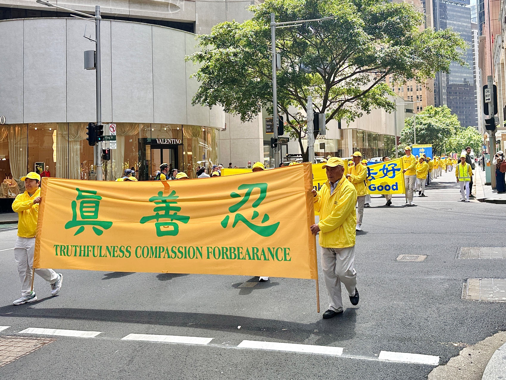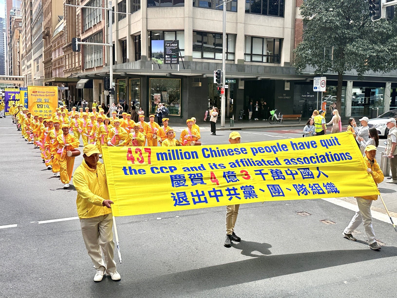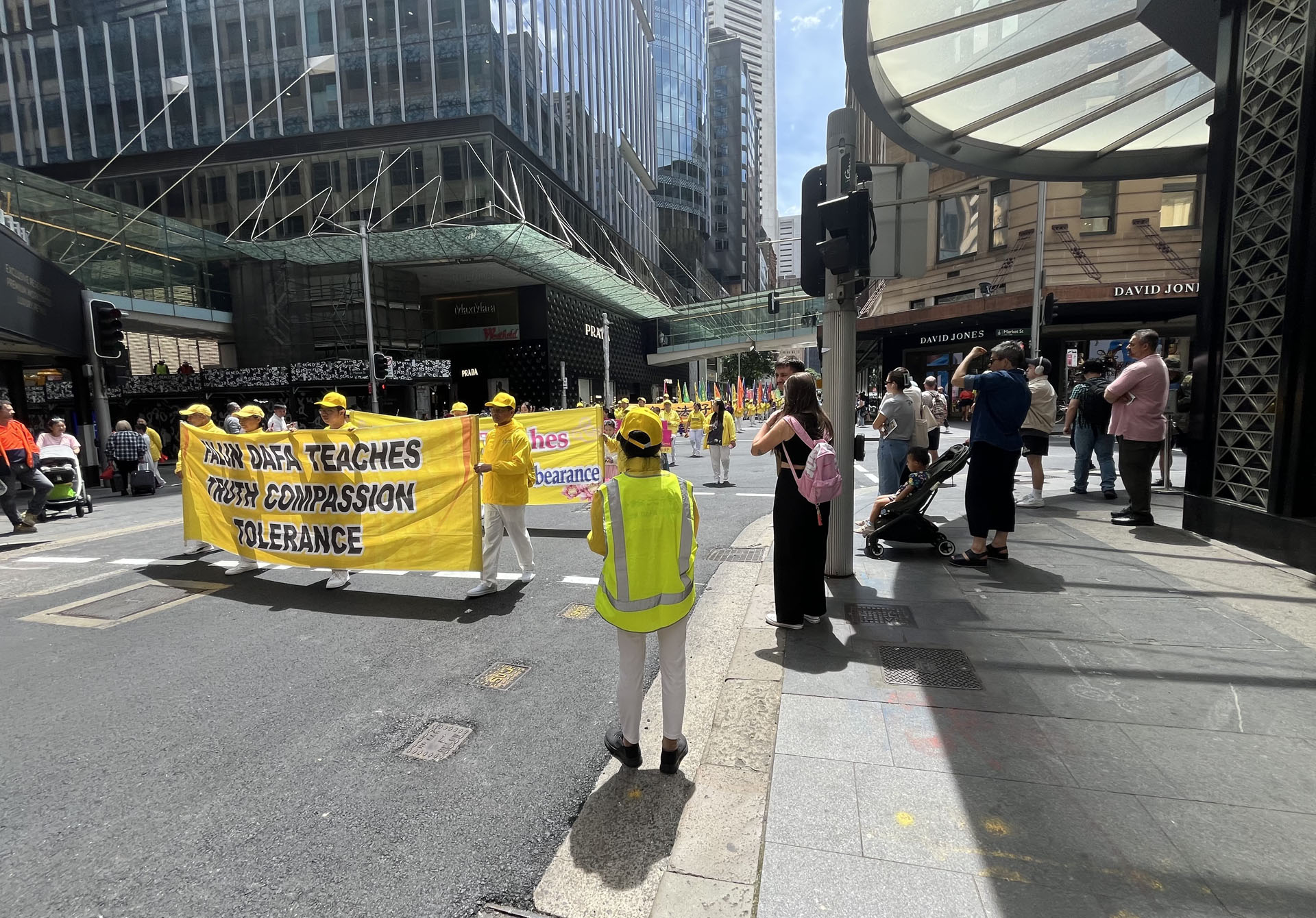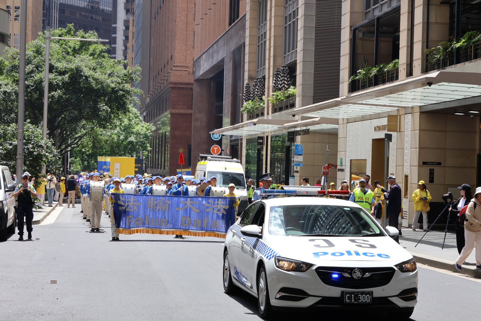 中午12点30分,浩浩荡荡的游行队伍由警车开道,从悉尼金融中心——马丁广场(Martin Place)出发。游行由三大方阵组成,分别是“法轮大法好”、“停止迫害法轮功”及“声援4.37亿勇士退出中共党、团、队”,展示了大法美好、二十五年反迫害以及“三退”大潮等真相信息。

---

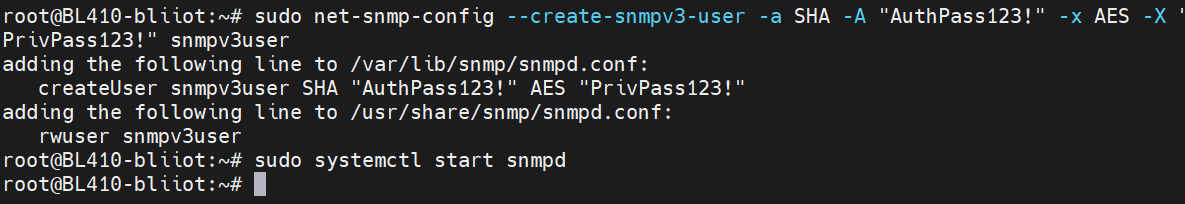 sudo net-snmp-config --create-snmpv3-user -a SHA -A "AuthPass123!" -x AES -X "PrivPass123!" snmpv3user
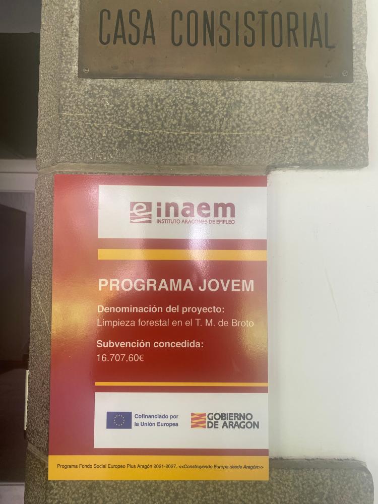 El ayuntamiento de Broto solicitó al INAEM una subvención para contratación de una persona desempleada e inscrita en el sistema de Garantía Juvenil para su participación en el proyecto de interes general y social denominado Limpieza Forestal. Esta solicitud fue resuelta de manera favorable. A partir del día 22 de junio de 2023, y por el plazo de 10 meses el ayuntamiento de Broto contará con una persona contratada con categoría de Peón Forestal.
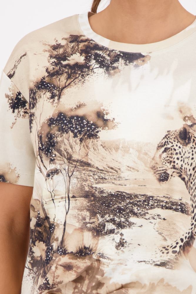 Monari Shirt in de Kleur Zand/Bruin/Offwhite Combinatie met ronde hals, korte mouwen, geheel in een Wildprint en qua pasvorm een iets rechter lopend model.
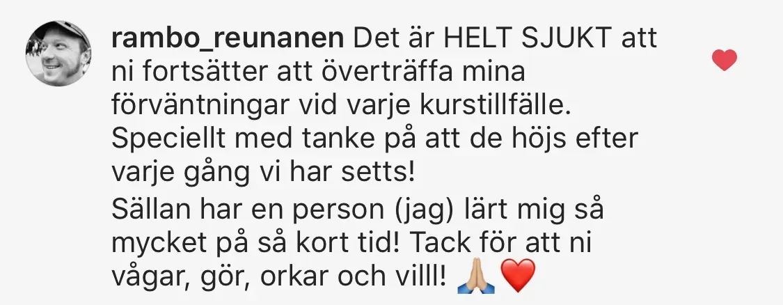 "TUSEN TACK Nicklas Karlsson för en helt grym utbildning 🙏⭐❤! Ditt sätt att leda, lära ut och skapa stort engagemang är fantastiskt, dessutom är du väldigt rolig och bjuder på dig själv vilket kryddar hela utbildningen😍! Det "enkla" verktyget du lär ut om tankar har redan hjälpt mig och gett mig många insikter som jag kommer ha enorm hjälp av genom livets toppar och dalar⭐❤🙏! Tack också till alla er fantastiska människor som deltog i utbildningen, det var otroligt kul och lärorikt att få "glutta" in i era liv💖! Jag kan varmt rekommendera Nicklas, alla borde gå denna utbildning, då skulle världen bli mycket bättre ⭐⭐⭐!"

---

• What the exercise asks
With the pictures omitted, restate word for word the lines above from the line that has "Monari Shirt in" up to and including the line that has "TACK Nicklas Karlsson", and no other lines.

• Solved problem
 Monari Shirt in de Kleur Zand/Bruin/Offwhite Combinatie met ronde hals, korte mouwen, geheel in een Wildprint en qua pasvorm een iets rechter lopend model.
 "TUSEN TACK Nicklas Karlsson för en helt grym utbildning 🙏⭐❤! Ditt sätt att leda, lära ut och skapa stort engagemang är fantastiskt, dessutom är du väldigt rolig och bjuder på dig själv vilket kryddar hela utbildningen😍! Det "enkla" verktyget du lär ut om tankar har redan hjälpt mig och gett mig många insikter som jag kommer ha enorm hjälp av genom livets toppar och dalar⭐❤🙏! Tack också till alla er fantastiska människor som deltog i utbildningen, det var otroligt kul och lärorikt att få "glutta" in i era liv💖! Jag kan varmt rekommendera Nicklas, alla borde gå denna utbildning, då skulle världen bli mycket bättre ⭐⭐⭐!"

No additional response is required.